Kim Loan's pho of comfort

First match in our 16-restaurant tournament to determine once and for all who sells the best pho in Orange County. Tune in tomorrow for Shuji's showdown!

My first sip of cà phê đá was at Coffee Factory in Fountain Valley. My first bánh mì was at–predictably–Lee's Sandwiches. But my first foray into pho was far away from the Little Saigon crowds–at Kim Loan in Fullerton (it's also the first place where Edwin ate Vietnamese food as well). It's most likely the oldest Vietnamese restaurant outside Little Saigon, with an interior design (mirrors for walls, pink as a primary color, fake greenery) straight from the 1980s. I can never hate this place, even if the quality of food ever deteriorated, which it thankfully hasn't after all these years.

Kim Loan's best rendition of pho is pho tai–rare slices of beef, pink
upon the delivery of your bowl to your table and eventually browning.
It's a pho of heartiness, of fulfillment, and it's definitely the best
pho in North County.
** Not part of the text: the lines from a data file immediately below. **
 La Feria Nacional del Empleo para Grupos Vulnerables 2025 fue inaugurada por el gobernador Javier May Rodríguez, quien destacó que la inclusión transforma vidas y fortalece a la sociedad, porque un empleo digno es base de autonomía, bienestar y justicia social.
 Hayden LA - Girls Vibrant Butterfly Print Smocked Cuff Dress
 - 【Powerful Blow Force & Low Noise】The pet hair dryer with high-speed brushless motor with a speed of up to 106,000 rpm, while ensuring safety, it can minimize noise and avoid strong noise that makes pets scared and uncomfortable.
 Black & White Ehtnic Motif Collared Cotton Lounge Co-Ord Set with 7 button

But this is the Big Bowl Dance, so my criteria must
be even more demanding, especially given Kim Loan's competitor in this
round: the mighty Pho Dakao of Garden Grove.

The pros: enough broth in which to bathe a child. Star-anise-heavy broth, beefy and strong, sweet like cinnamon, with a touch of garlic. A broth so comforting and filling I've gone an entire day without eating anything else after slurping it down for breakfast.
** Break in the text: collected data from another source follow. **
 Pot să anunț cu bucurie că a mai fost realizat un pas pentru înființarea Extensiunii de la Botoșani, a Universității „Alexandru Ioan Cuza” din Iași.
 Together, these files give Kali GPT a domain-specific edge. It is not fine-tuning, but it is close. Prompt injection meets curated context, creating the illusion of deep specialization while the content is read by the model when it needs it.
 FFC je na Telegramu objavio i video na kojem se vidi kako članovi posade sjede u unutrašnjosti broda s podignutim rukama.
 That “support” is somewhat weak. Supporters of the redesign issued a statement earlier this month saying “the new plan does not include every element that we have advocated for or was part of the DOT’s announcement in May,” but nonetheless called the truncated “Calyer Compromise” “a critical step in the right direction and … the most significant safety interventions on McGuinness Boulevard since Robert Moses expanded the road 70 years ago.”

But that's Kim Loan's sole trump card. The noodles were a bit too chewy and thin, while the amount of meat in the bowl was disappointing. Also? This is a pho geared toward multicultural Fullerton, where Chinese, Koreans and Mexicans are more likely to crowd into the restaurant than Vietnamese. The tray of herbs only included bean sprouts, basil, jalapeños and lemon–fine, but not adding enough layers to compensate for the lack of the meat.
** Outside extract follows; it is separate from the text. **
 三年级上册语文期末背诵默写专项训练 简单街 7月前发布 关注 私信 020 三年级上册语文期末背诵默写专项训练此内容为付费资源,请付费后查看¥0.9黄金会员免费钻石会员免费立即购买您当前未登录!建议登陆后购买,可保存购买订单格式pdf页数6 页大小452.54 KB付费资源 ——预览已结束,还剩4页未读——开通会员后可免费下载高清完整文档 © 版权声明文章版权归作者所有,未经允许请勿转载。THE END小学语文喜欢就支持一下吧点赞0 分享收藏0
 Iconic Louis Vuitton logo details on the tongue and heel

Compare Kim Loan's offerings to that of Pho Dakao, the legendary chicken pho restaurant in Garden Grove that gets its hens from its own poultry factory.

I don't think I've ever even seen a menu at Pho Dakao, though they have one–I'm told it's a faded-but-cute list with a smiling chicken on the cover. But after
the owners sit you, after they give you about 35 seconds to sit down and
settle yourself, they'll approach you and wait for the inevitable: your order of pho ga, just the noodles and springy, chewy chicken.

In goes sawtooth herb, adding astringency. On the side is a small bowl of dipping sauce, sugary and spicy, in which everyone dips fat, Cadillac-white chunks of chicken, some with skin, some without. That sauce, those chunks–if all Pho Dakao offered was this, it could beat the entire roster of most Vietnamese restaurants.

But of course, there's more. The noodles were thicker than Kim Loan's yet firmer; the broth was much lighter, with a cleaner taste. Scallions and onions didn't overwhelm the delicate broth, but rather firmed it up; even the cilantro, an herb I'm not particularly fond of, added a verdant undertone. The bowl was smaller than Kim Loan's, but each individual ingredient coalesced to easily beat its competitor (I'll save you the sports metaphor).

WINNER: Pho Dakao, which moves on to Round 2. But Kim Loan will forever remain in my heart, my dowager of dinner.